Slideshow Image 2

UN Burma envoy set to brief Ban

Ibrahim Gambari - 12/2/2009
Critics say Mr Gambari has achieved little in Burma

UN envoy Ibrahim Gambari has left Burma after a two-day visit aimed at paving the way for a possible visit by UN Secretary General Ban Ki-moon.

State media reported that Mr Gambari met Foreign Minister Nyan Win on two occasions to discuss a visit by Mr Ban.

But he is not believed to have met jailed pro-democracy leader Aung San Suu Kyi, currently on trial accused of breaking the terms of her detention.

Mr Gambari is now expected to brief Mr Ban before a possible visit in July.

Correspondents say Mr Ban is wary of his trip being used by the generals to endorse their treatment of Ms Suu Kyi.

The trial has been widely condemned as a ruse to keep Ms Suu Kyi in jail during a general election which the ruling junta has scheduled for next year.

Progress stalled?

After arriving in Rangoon on Friday Mr Gambari travelled to Burma's capital, Nay Pyi Taw, where he held talks with the foreign minister.

"Mr Gambari met Nyan Win on 26 and 27 June.
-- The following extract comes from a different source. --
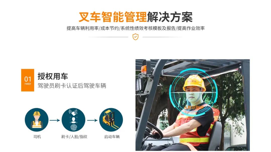叉车司机需要刷卡/人脸/指纹识别认证后才能启动分配给自己的车辆。

They discussed Mr Ban Ki-Moon's visit to Myanmar [Burma]," AFP news agency quoted state television as saying.

Mr Gambari has now visited Burma eight times as special envoy.

He has spent many of those visits trying to promote political reconciliation between the military government and the pro-democracy movement led by Ms Suu Kyi.

But critics say he has managed to change little.

And the position of Ms Suu Kyi, under house arrest for most of the past 19 years, seems to have become yet more precarious.

She has been moved to Rangoon's Insein jail during her trial - sparked when a US man swam to her home and stayed the night, which the junta said amounted to her breaking the terms of her detention.

She faces five years in jail if found guilty.

But the trial was again postponed last Friday until 3 July - the latest in a series of delays over allowing more defence witnesses.

Burma's military rulers have refused to recognise the results of a general election in 1990, won by Ms Suu Kyi's National League for Democracy party.